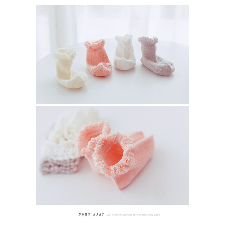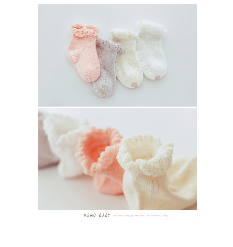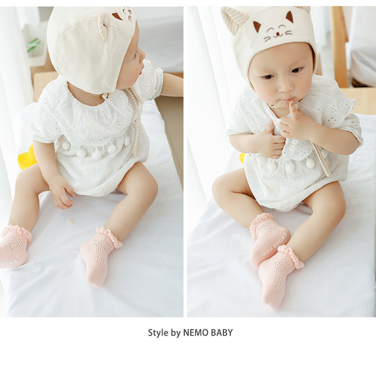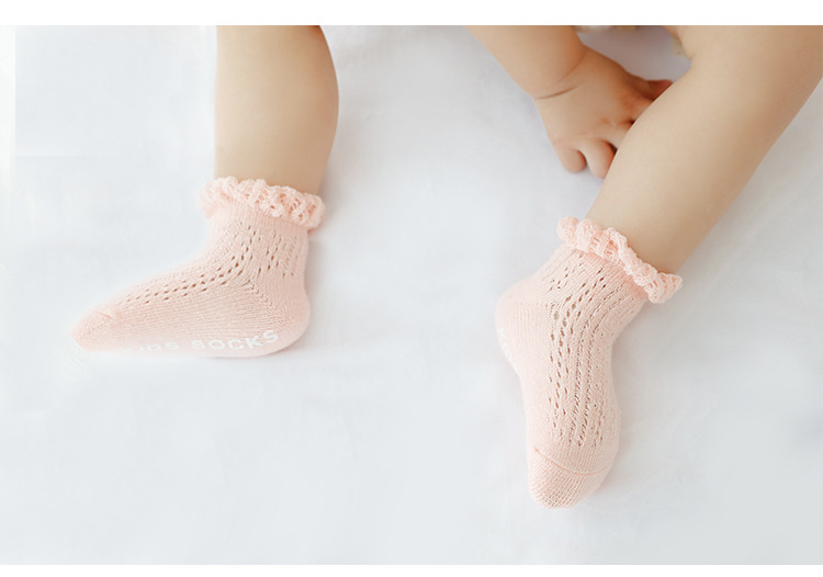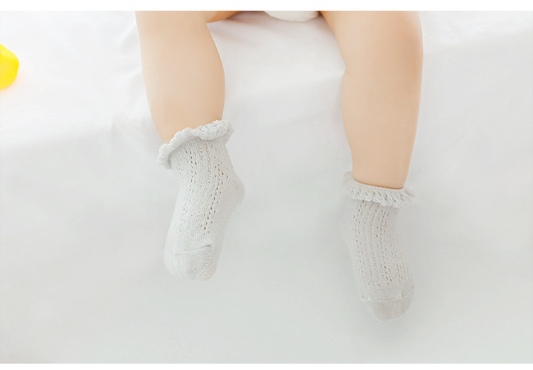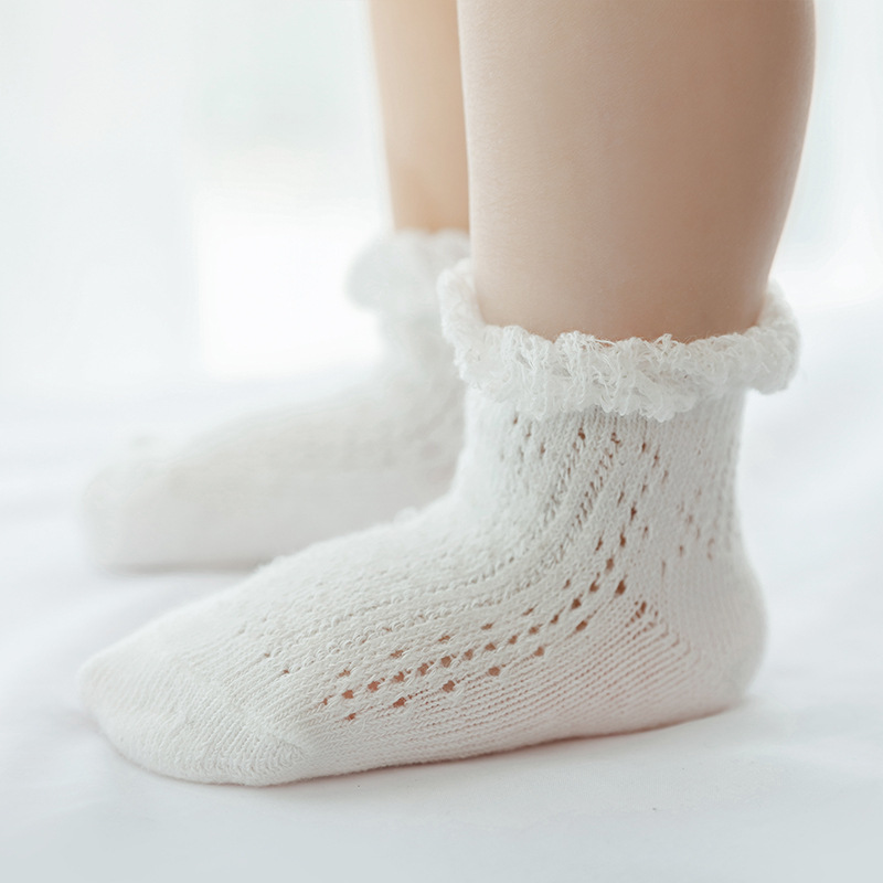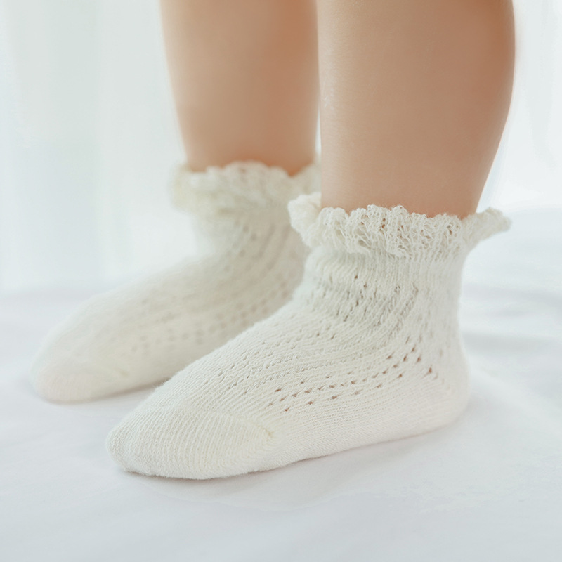 宝宝袜子夏季网眼透气薄款婴儿短袜精梳棉儿童移圈袜中筒袜花边袜
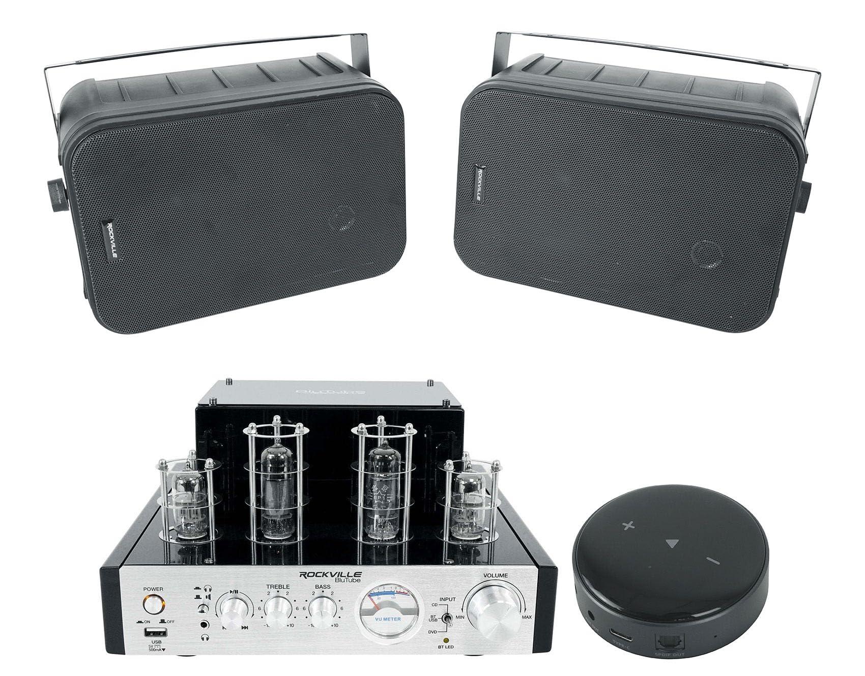- Package Includes: (1) Rockville BluTube 70w Tube Amplifier/Home Theater Stereo Receiver w/ Bluetooth, (1) 2 Rockville HP65S-8 Black 6.5" Indoor/Outdoor Swivel Home Theater Speakers 8-ohm, (1) Rockville Mini Wifi Music Player Wireless Audio Streaming Multiroom Stereo Receiver
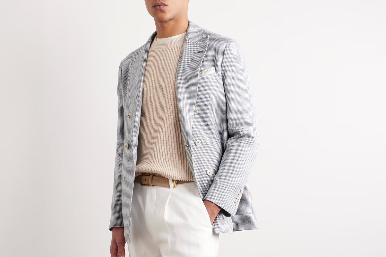 Quite luxury? Never heard of her. A summer of grand plans demands a linen suit to match, and an ultra-luxe puppytooth double-breasted jacket from Italian craftsman Brunello Cucinelli is just what the yacht captain ordered. Remember, the prerogative here is bold — leaning into stark separates and brazen displays of wealth (read: Loro Piana boat shoes) is, if anything, encouraged, especially when the Mediterranean is involved.
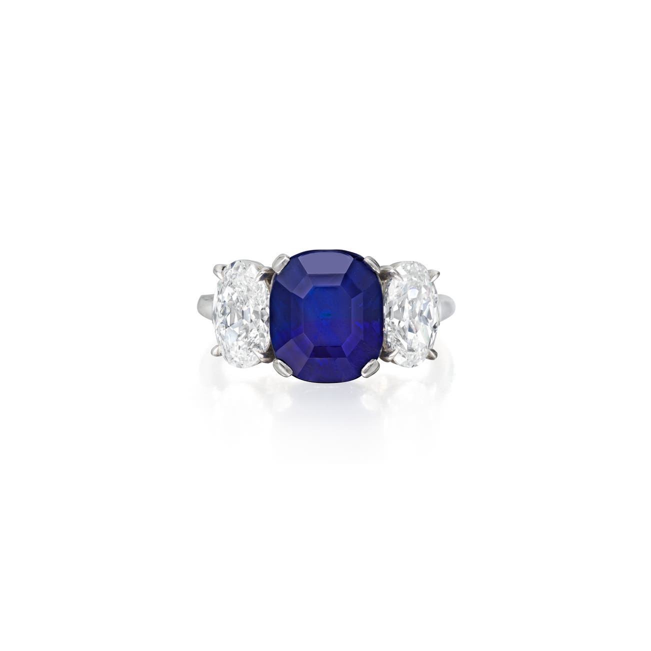 Set with a cushion-shaped sapphire weighing 5.40 carats, between oval diamonds, mounted in platinum, size 6.
.....
**Exercise**:
Leave the images out and output the remaining material exactly as it stands.

**Response to this task**:
 宝宝袜子夏季网眼透气薄款婴儿短袜精梳棉儿童移圈袜中筒袜花边袜
- Package Includes: (1) Rockville BluTube 70w Tube Amplifier/Home Theater Stereo Receiver w/ Bluetooth, (1) 2 Rockville HP65S-8 Black 6.5" Indoor/Outdoor Swivel Home Theater Speakers 8-ohm, (1) Rockville Mini Wifi Music Player Wireless Audio Streaming Multiroom Stereo Receiver
 Quite luxury? Never heard of her. A summer of grand plans demands a linen suit to match, and an ultra-luxe puppytooth double-breasted jacket from Italian craftsman Brunello Cucinelli is just what the yacht captain ordered. Remember, the prerogative here is bold — leaning into stark separates and brazen displays of wealth (read: Loro Piana boat shoes) is, if anything, encouraged, especially when the Mediterranean is involved.
 Set with a cushion-shaped sapphire weighing 5.40 carats, between oval diamonds, mounted in platinum, size 6.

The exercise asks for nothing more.